Изменить стиль страницы

«Из числа людей, совершивших много прекрасных дел, боги только немногим даровали почетный дар, вернув из подземного царства их души; подвиг же Алкесты[436] был признан столь прекрасным и людьми и богами, что боги, восхищенные ее мужеством, вернули ее к жизни. Итак, благородную и доблестную любовь чтут даже боги!

Не так почтили они Орфея[437] сына Эагра. Они прогнали его из преисподней, не дав ему того, о чем он просил. Вместо того чтобы вернуть ему жену, они показали ему лишь ее призрак, в наказание за то, что у него, изнеженного кифареда, не хватило мужества. Вместо того чтобы, подобно Алкесте, умереть за ту, кого любил, он, призвав на помощь свое искусство, ухитрился живым проникнуть в преисподнюю. Поэтому разгневанные боги покарали его за малодушие и послали ему смерть от руки женщин».

Мария Багратион слушала чтение с тем же бесстрастием, какое проявляла во всем. Но на последней фразе она прервала меня и сказала задумчиво:

— Значит, Платон понимал, что женщины отважнее мужчин. Тогда почему же в «Пире» он строит теорию любви на противоположной идее?

Она просила меня читать дальше. Через четверть часа пришла русская дама — Наталия Шерер, как я позже узнал. Они обнялись и дружески разговорились. Наталии могло быть лет тридцать пять; это была крепкая, великолепно сложенная, статная женщина; вздернутый нос и широкие скулы придавали ей дикую красоту фавна.
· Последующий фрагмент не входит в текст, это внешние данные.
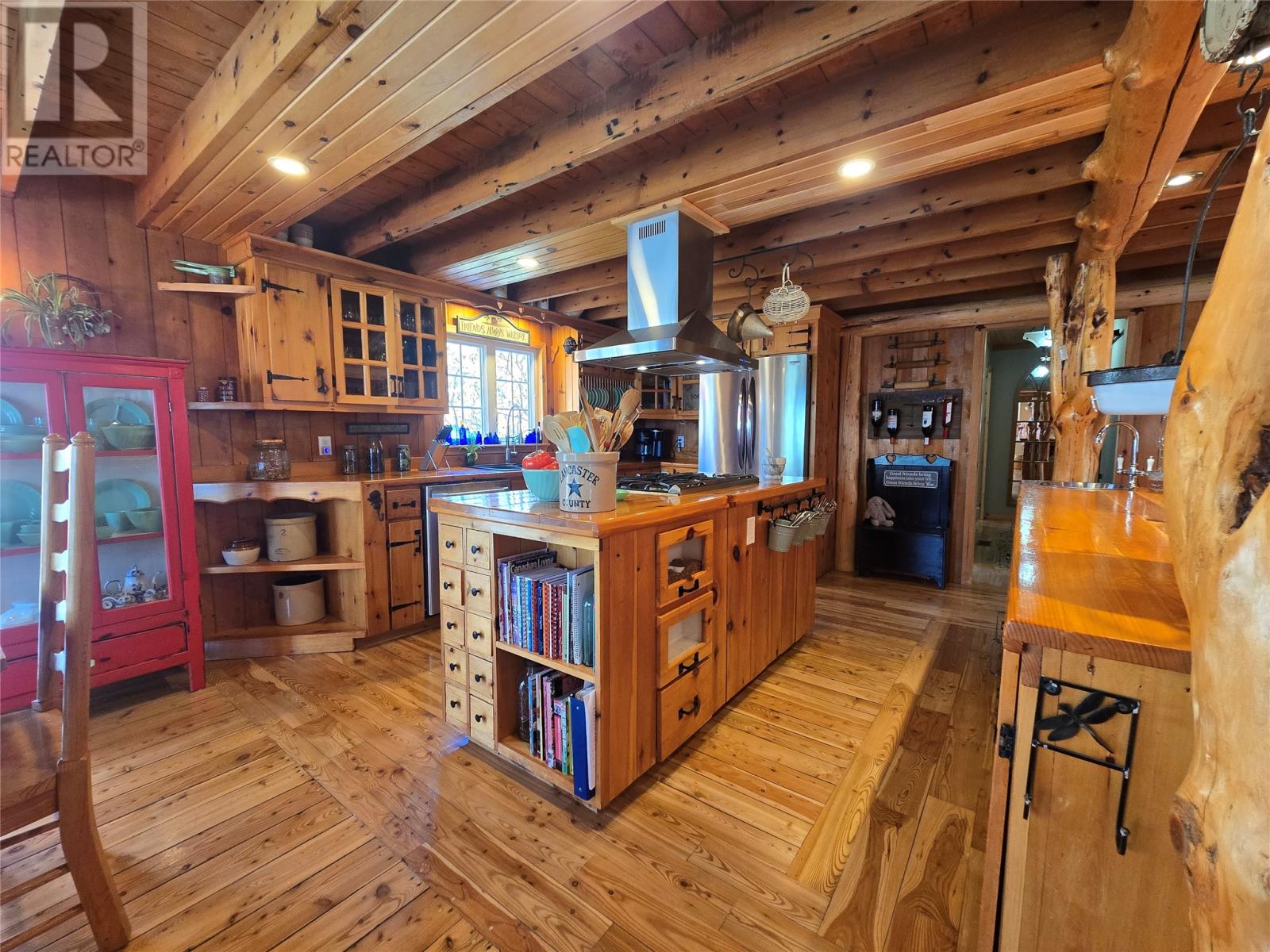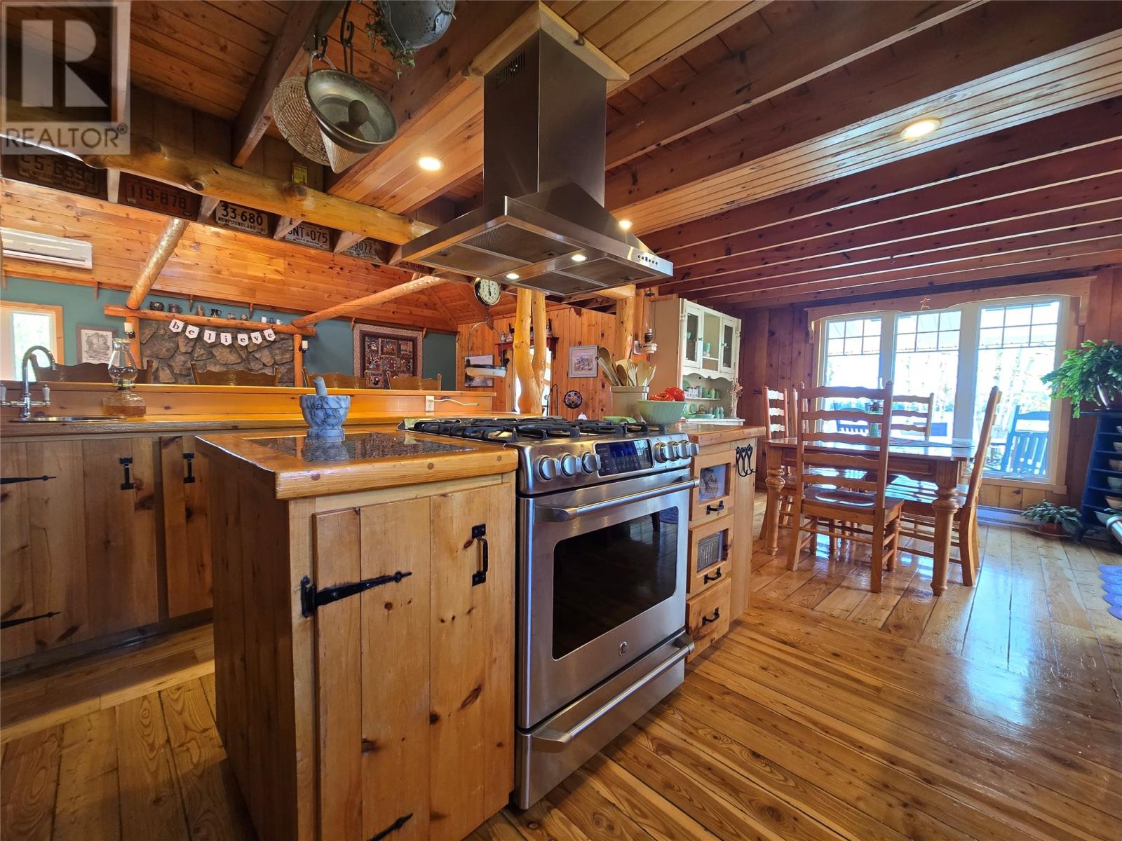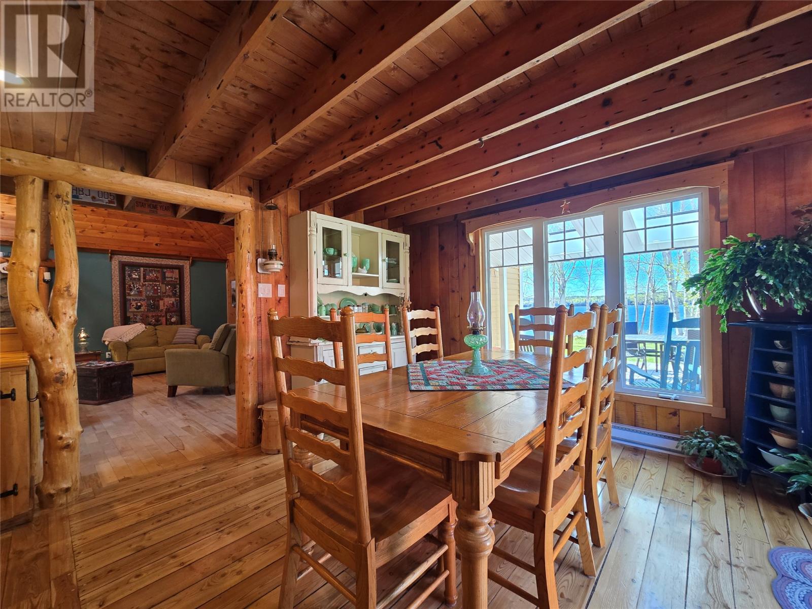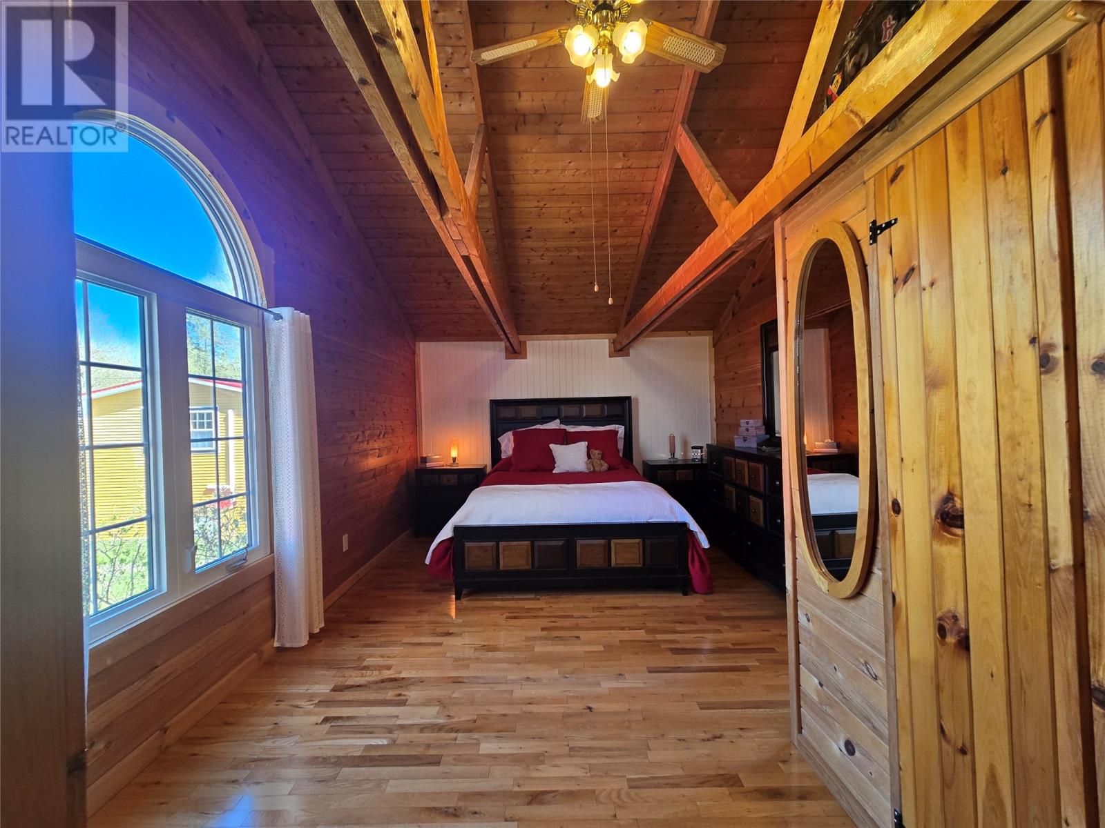 Live, work, play! This gorgeous cape cod home is nestled amongst the trees on the shore of the exploits river. The kitchen features a stainless gas range, double door refrigerator, dishwasher and true wood countertops. The kitchen is open to the family room where the wood stove shines as a centerpiece. There are so many windows in this home offering a staggering amount of natural light. This home features 2 large bedrooms on the main floor, with closets and the rear bedroom comes complete with an ensuite. Upstairs there is a large bedroom with 2 closets both boasting motion lighting. A finished bonus room upstairs offers storage space or a playroom for youngsters and is as bright as the rest of this home. The main floor bathroom features a 2 seat whirlpool tub and a stand up shower. There are heat pumps in each bedroom and in the family room offering both heating and air conditioning, electric baseboard heat and that glorious wood stove in the family room. You have choices. The home is approximately 35 years old, with modern day amenities. All plumbing has been converted to PEX in 2025, the electrical panel was updated and baseboard heat installed in 2023. Moving to outside you will find a hot tub wrapped in a 225 sf wood sided shed, complete with sliding glass doors so that you can look out and enjoy the river view. The property also has a 2400sf, 2 story garage that is insulated and has its own heat pump. The main level is currently used for car repair and woodworking, the upstairs has 3 spaces, one is currently being used as a large craft space and the other 2 spaces are being used for storage. The property has a tool shed, garden tractor shed, greenhouse and all buildings have steel roofs, 15 years old. This property is double wide, the 2nd piece of land features a Quonset offering 500sf of extra space. The river is accessible from both pieces of land for swimming, kayaking or paddle boarding and the rail trail is just minutes away! Live, work, play! (id:2887)

Я посещал дом Марии Багратион около полугода, но мне не удалось ни познакомиться с ней покороче, ни даже привыкнуть к ее красоте, самый блеск которой заслонял ее от меня. Зато эта женщина, такая чужая и далекая, когда я смотрел на нее, становилась мне близкой, едва лишь я с ней расставался. Если мне удавалось вырваться из города и уехать в лесистые окрестности Версаля, я увозил с собой ее образ. Я говорю так, потому что это правда. В моих мечтах мы бродили вдвоем по уединенным тропинкам, опьяненные счастьем и мукой.

Однажды утром я прочел в газете:

«Вчера в полночь у себя в доме, на улице Бас-дю-Рампар, скончалась княгиня Мария Багратион».

В газете больше ничего не было сказано. Я слишком мало знал покойную, чтобы оплакивать ее потерю, но я был потрясен. Это была катастрофа, — земля разверзлась, чтобы поглотить мое сокровище, чтобы уничтожить ту, в ком заключалась для меня вся красота мира.

Я бросился к г-ну Виардо. У него находился Кирилл Балашов, пианист.

— Какая ужасная смерть! — вскричал я.

— Какая ужасная смерть! — повторил Кирилл, точно эхо.

— Мария Багратион покончила с собой, — сказал Виардо, — и притом способом, необычным для женщин. Утром ее нашли распростертой на постели в белом платье, с жемчужным ожерельем на шее и с револьвером в руке; у нее был прострелен висок.

Я спросил, известна ли причина самоубийства.

— Ее мать сумасшедшая, отец, генерал Багратион, застрелился, — ответил Виардо. — Вероятно, есть и более важная причина, но я ее не знаю.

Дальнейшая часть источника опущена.